Multiplication (MUL) multiplies R1 by R2 and puts the result in R0. Multiplication cannot be used with an immediate value.


    MUL R0, R1, R2

Instructions for Shifting and Rotating

Logical Shift Left (LSL)

Logical Shift Left (LSL) shifts the bits in R1 by a shift value. In this case, the immediate value 3, and drops the most significant bits. The last bit that was shifted out is put into the carry flag, and the least significant bits are filled with zeros. Below, R1 gets shifted left by the immediate value 3, or a value between 0 and 31 in R2, and put in R0. One logical left shift multiplies a value by two. This is an inexpensive way to do simple multiplication.


    LSL R0, R1, #3    

    LSL R0, R1, R2


Logical Shift Right (LSR)

Logical Shift Right (LSR) works in the reverse fashion as LSL and effectively divides a value by two. The most significant bits are filled with zeros, and the last least significant bit is put into the carry flag.


    LSR R0, R1, #2


Arithmetic Shift Right (ASR)

Arithmetic Shift Right (ASR) performs the same work as LSR but is designed for signed numbers. It copies the sign bit back into the last position on the left.


    ASR R0, R1, #4


Rotate Right (ROR)

Rotate Right (ROR) rotates all the bits in a word by some value. Instead of filling the bits on the left with zeros, the bits shifted out are simply put back into the other end.  

    ROR R0, R1, #5

Instructions for Branching Operations

One important function of a processor is the ability to choose between two code paths based on a set of inputs. This is exactly what branching operations do. A processor normally executes one instruction after the other by incrementing R15, the program counter (PC), by four bytes (i.e., the length of a single instruction). Branching changes the PC to another location denoted by a label that represents that part of the assembly code.


Branch (B)

Branch (B) moves the PC to an address specified by a label.
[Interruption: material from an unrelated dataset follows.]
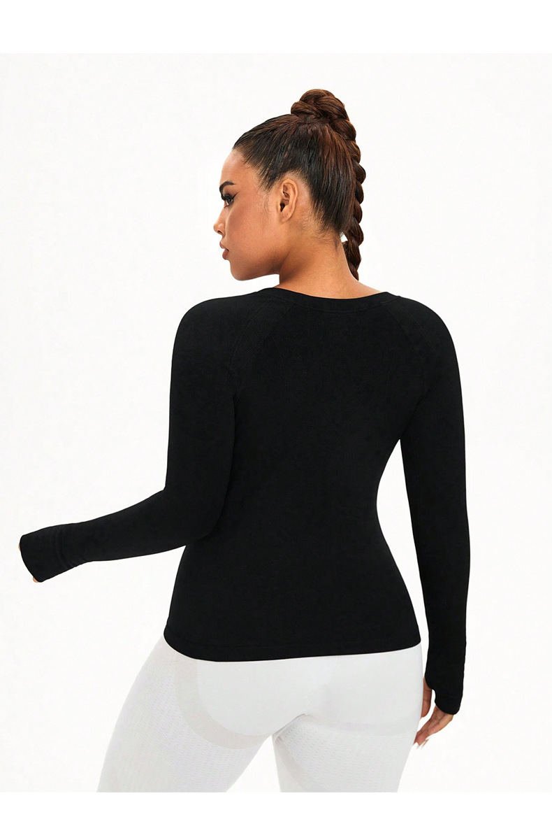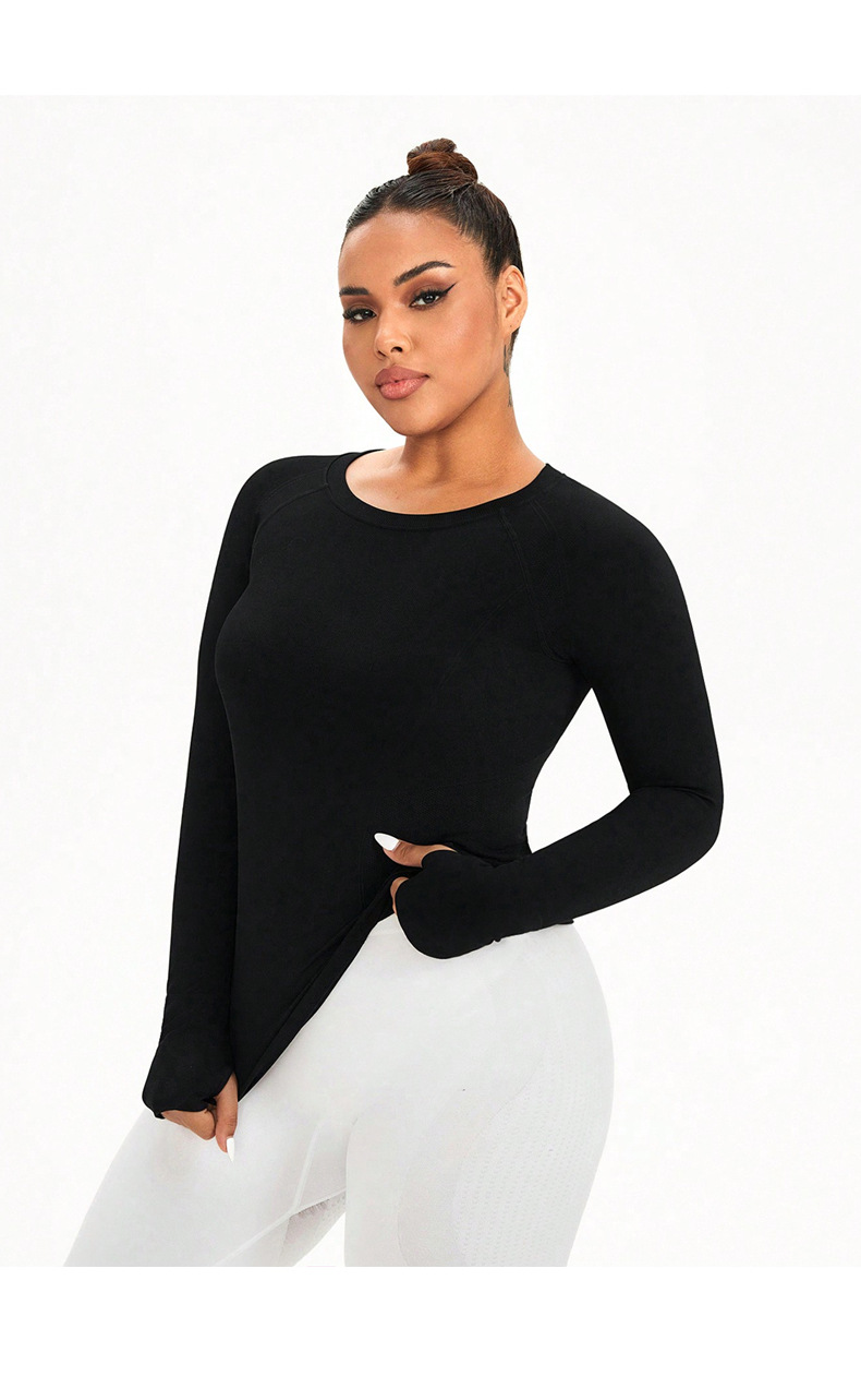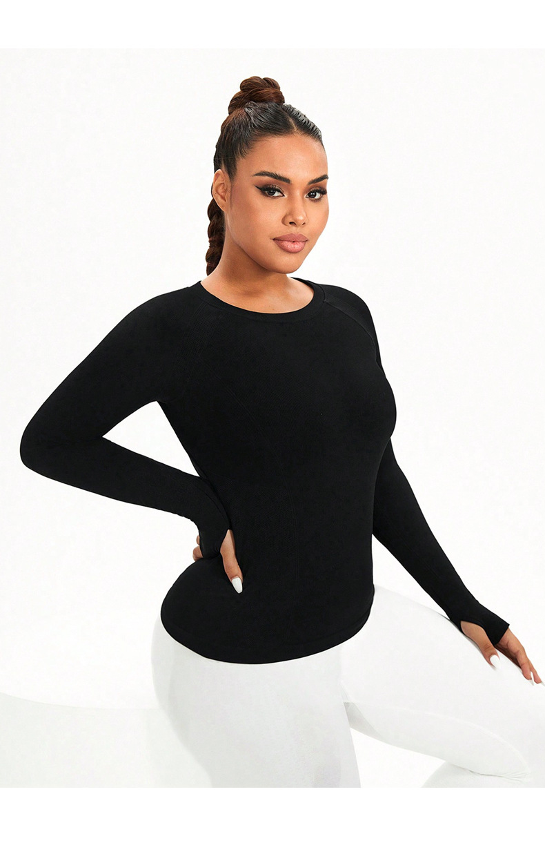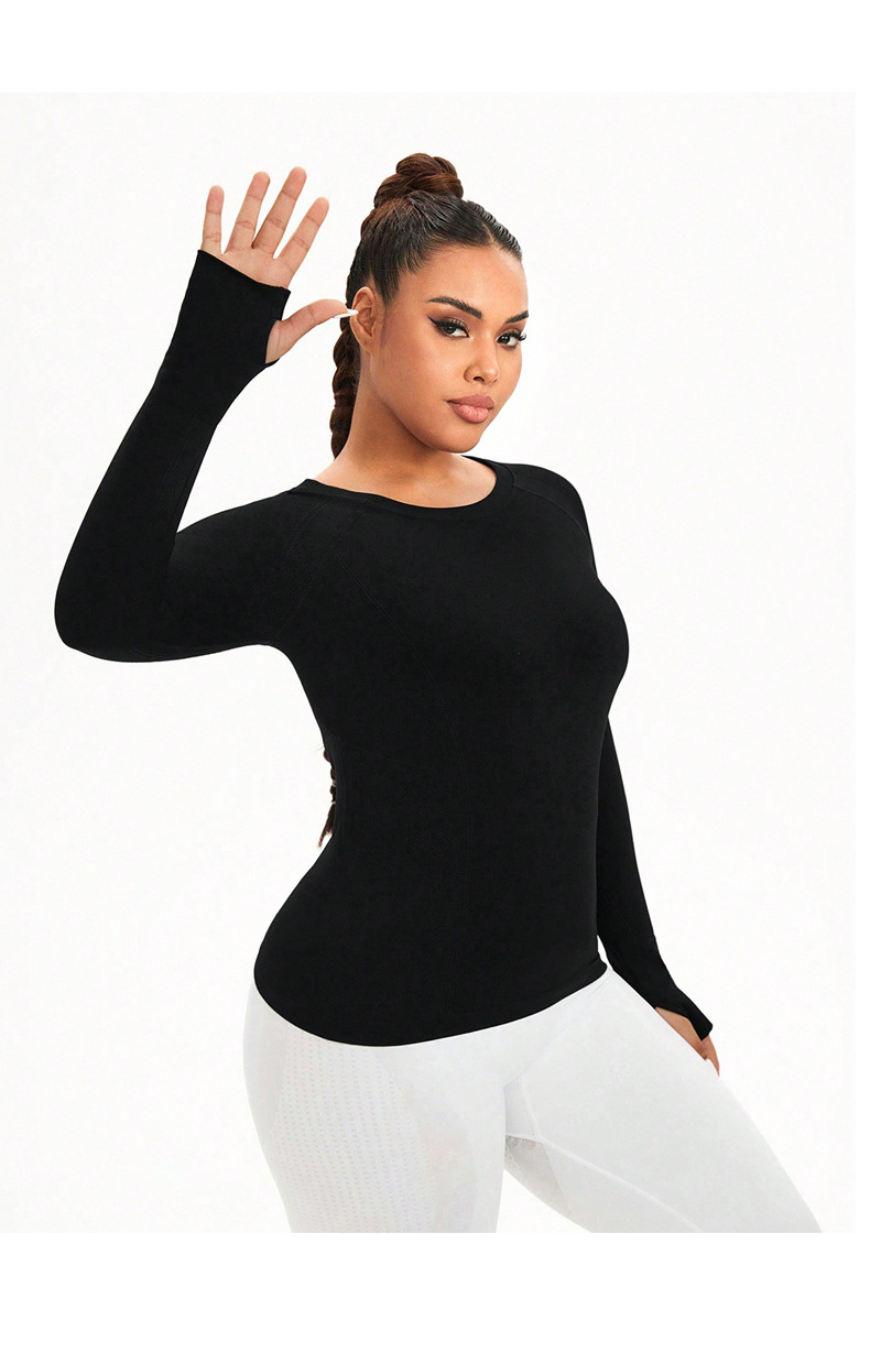 cross-border plus size yoga wear top women's solid color round neck plump girls quick-drying stretch tight training sports workout long sleeve

The label (“loop” in the example below) represents a section of code that you want the processor to execute next. Labels are just text, usually a meaningful word.


    B     loop


Branch Link (BL)

Branch Link (BL) performs a similar operation, but it copies the address of the next instruction into R14, the link register (LR). This works great when performing subroutine/procedure calls, because as soon as the section of code at the label is finished we can use the LR to get back to where we branched. Below, we branch to the label “subroutine” and then use the link register to get back to the next instruction.


    BL     subroutine







    MOV    PC, LR


We use a MOV instruction to put the link register back into the program counter. This returns the program to the spot right after our subroutine call, here labeled . Notice the use of LR and PC above. ARM assemblers recognize these as R14 and R15, respectively. This provides a convenient reminder to the programmer about the operation being performed.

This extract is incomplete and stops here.